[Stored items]
-- Opening Marker --

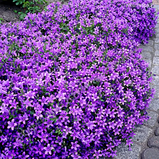 Колокольчик Портеншлага - почвопокровный, подушковидный многолетник до 20 см высотой. Разрастается до 30 см в ширину. Листья округлые, плющевидные, вечнозеленые. Цветки почти полностью раскрытые звездчатые фиолетовые или сине-фиолетовые, по 3-5 на концах стелющихся побегов. Зацветает в первой половине июня и цветет в течение месяца. Предпочитает слабокислые и нейтральные почвы. Лишь с наступлением весны старые листья уступают своё место молодой зелёной поросли. После цветения остатки соцветия нужно обрезать, это позволит улучшить внешний вид цветов и продлить период следующего цветения. Применение: используют для дизайна клумб, каменистых горок, бордюров и рокариев. Может выращиваться в декоративных контейнерах.
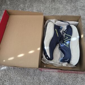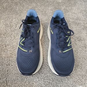 Navy New Balance sneakers with Fresh Foam cushioning. Lime accents for a vibrant touch.
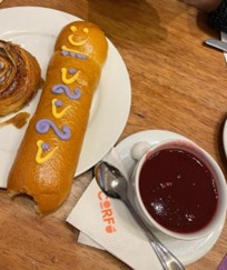 Ho anche vissuto per la prima volta il periodo della colada morada e delle guaguas de pan, una tradizione tipica tra ottobre e novembre legata alla commemorazione dei defunti. Questa usanza unisce elementi indigeni e cristiani: le popolazioni originarie preparavano bevande a base di mais e frutti rossi come offerta agli spiriti dei loro antenati, e con l’arrivo del cristianesimo la pratica si è fusa con la celebrazione cattolica del Giorno dei Morti. Oggi la colada morada si accompagna alle guaguas de pan, piccoli pani dolci a forma di bambino che simboleggiano la vita. Che dire… buonissima!!!
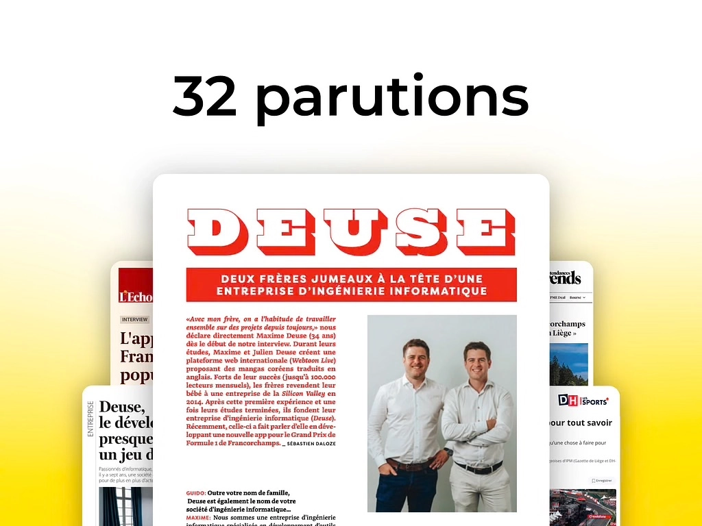 Deuse est une jeune entreprise spécialisée en développement d’outils technologiques sur mesure : applications, plateformes web, sites ou encore logiciels. Basée à Liège, elle a été lancée en 2016 par les jumeaux Maxime et Julien Deuse. La société, composée d’ingénieurs en informatique de pointe, met sa passion au service de projets de petite ou grande envergure, dans un but : donner de l’élan et offrir de la croissance à leurs clients. Après son bureau à Liège, l’entreprise a également ouvert une antenne à Bruxelles et en Flandre !
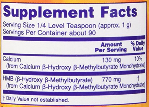 -. Binding : Health and Beauty -. Brand : NOW Foods -. EAN : 0733739020574 -. Feature : Non-GMO / Vegan/Vegetarian / Made witho Gluten -. IsAdultProduct : 0 -. Label : NOW Sports - Nutrition and Wellness -. LegalDisclaimer : These statements have not been evaluated by the Food and Drug Administration (FDA). These products are not meant to diagnose, treat or cure any disease or medical condition. Please consult your doctor before starting any exercise or nutritional supplement program or before using these or any product during pregnancy or if you have a serious medical condition. -. Manufacturer : NOW Sports - Nutrition and Wellness -. MPN : 3057 -. NumberOfItems : 1 -. PackageQuantity : 1 -. PartNumber : 3057 -. ProductGroup : Health and Beauty -. ProductTypeName : HEALTH_PERSONAL_CARE -. PublicationDate : 2017-07-17 -. Publisher : NOW Sports - Nutrition and Wellness -. ReleaseDate : 2017-07-17 -. Size : 90 grams -. Studio : NOW Sports - Nutrition and Wellness -. Title : NOW Foods Hmb Powder, 3.2 Ounce -. UPC : 733739020574
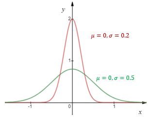 在上图中,当σ=0.2时,曲线更陡峭,倒钟更窄,样本更向μ处集中。
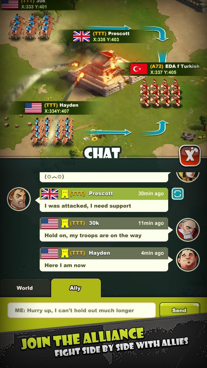 Vos adversaires et alliés viennent du monde entier. Vous pouvez unir avec des alliés mondiaux pour vaincre tous les adversaires qui entravent votre développement, pour diriger votre royaume sur le chemin de la plus haute distinction du monde.
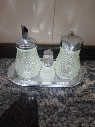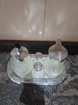 Elegante juego de cristal tallado con detalles metálicos. - Diseño vintage. - Incluye bandeja. - Piezas con acabado plateado y transparente.

-- Closing Marker --

Start at the line containing "Ho anche vissuto" above and stop at the line containing "Deuse est une". Output those lines exactly, both included, but none of the pictures.

 Ho anche vissuto per la prima volta il periodo della colada morada e delle guaguas de pan, una tradizione tipica tra ottobre e novembre legata alla commemorazione dei defunti. Questa usanza unisce elementi indigeni e cristiani: le popolazioni originarie preparavano bevande a base di mais e frutti rossi come offerta agli spiriti dei loro antenati, e con l’arrivo del cristianesimo la pratica si è fusa con la celebrazione cattolica del Giorno dei Morti. Oggi la colada morada si accompagna alle guaguas de pan, piccoli pani dolci a forma di bambino che simboleggiano la vita. Che dire… buonissima!!!
 Deuse est une jeune entreprise spécialisée en développement d’outils technologiques sur mesure : applications, plateformes web, sites ou encore logiciels. Basée à Liège, elle a été lancée en 2016 par les jumeaux Maxime et Julien Deuse. La société, composée d’ingénieurs en informatique de pointe, met sa passion au service de projets de petite ou grande envergure, dans un but : donner de l’élan et offrir de la croissance à leurs clients. Après son bureau à Liège, l’entreprise a également ouvert une antenne à Bruxelles et en Flandre !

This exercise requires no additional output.